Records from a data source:
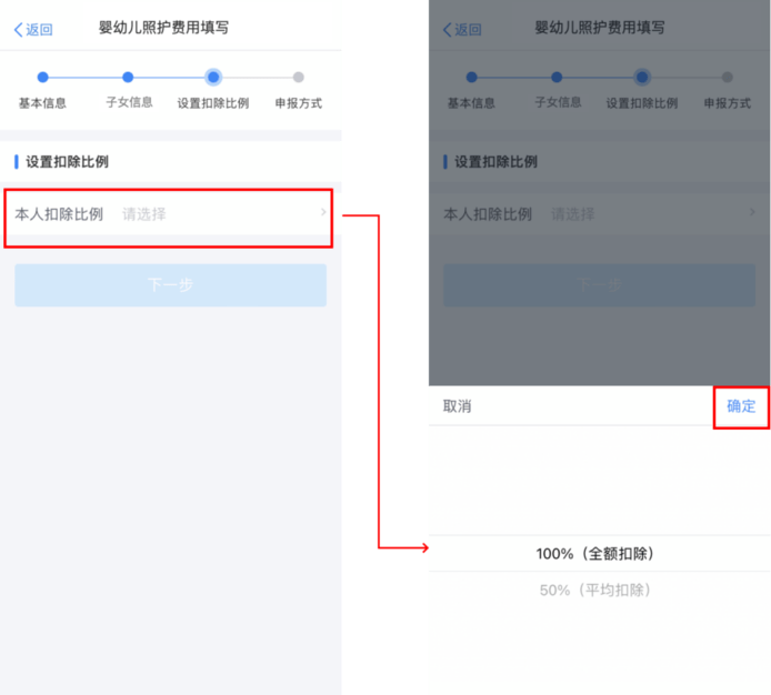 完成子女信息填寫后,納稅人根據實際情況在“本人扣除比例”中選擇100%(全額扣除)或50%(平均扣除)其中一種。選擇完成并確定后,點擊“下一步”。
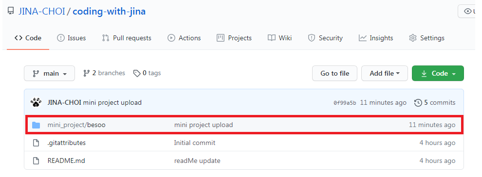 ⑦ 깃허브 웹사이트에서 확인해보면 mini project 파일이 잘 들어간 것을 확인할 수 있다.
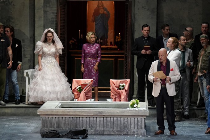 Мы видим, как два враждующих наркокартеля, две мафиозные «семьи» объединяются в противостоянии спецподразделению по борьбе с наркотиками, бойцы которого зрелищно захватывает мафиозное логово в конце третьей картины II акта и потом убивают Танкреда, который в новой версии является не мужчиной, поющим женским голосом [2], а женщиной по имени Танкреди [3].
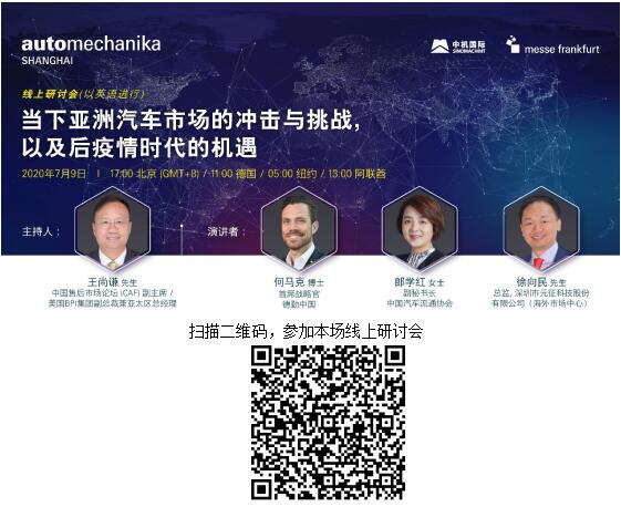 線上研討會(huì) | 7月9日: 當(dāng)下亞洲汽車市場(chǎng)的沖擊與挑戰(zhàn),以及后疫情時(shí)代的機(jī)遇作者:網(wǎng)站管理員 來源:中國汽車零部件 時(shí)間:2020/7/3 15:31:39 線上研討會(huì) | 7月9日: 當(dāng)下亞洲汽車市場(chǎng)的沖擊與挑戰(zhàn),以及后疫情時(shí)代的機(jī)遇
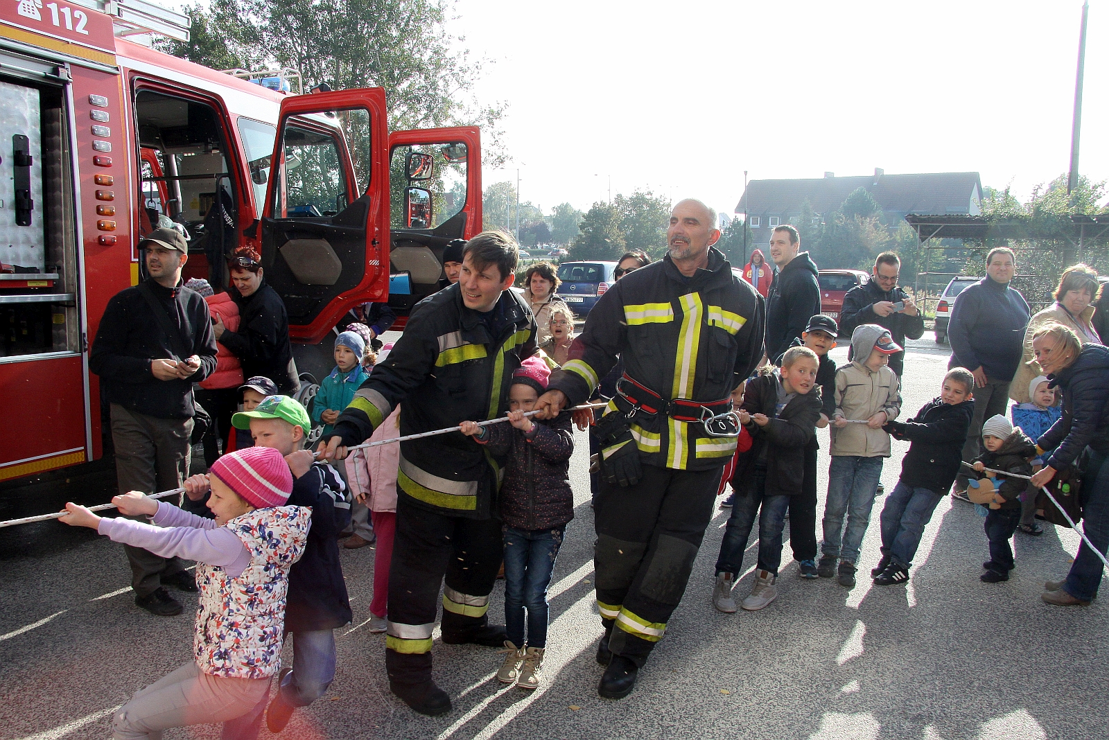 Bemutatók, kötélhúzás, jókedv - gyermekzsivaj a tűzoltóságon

TASK BRIEF:
Please retype exactly the lines from the line containing "來源:中國汽車零部件 時(shí)間:2020/7/3 15:31:39" through the final line of the records above, inclusive, leaving out any pictures.

WRITTEN SOLUTION:
 線上研討會(huì) | 7月9日: 當(dāng)下亞洲汽車市場(chǎng)的沖擊與挑戰(zhàn),以及后疫情時(shí)代的機(jī)遇作者:網(wǎng)站管理員 來源:中國汽車零部件 時(shí)間:2020/7/3 15:31:39 線上研討會(huì) | 7月9日: 當(dāng)下亞洲汽車市場(chǎng)的沖擊與挑戰(zhàn),以及后疫情時(shí)代的機(jī)遇
 Bemutatók, kötélhúzás, jókedv - gyermekzsivaj a tűzoltóságon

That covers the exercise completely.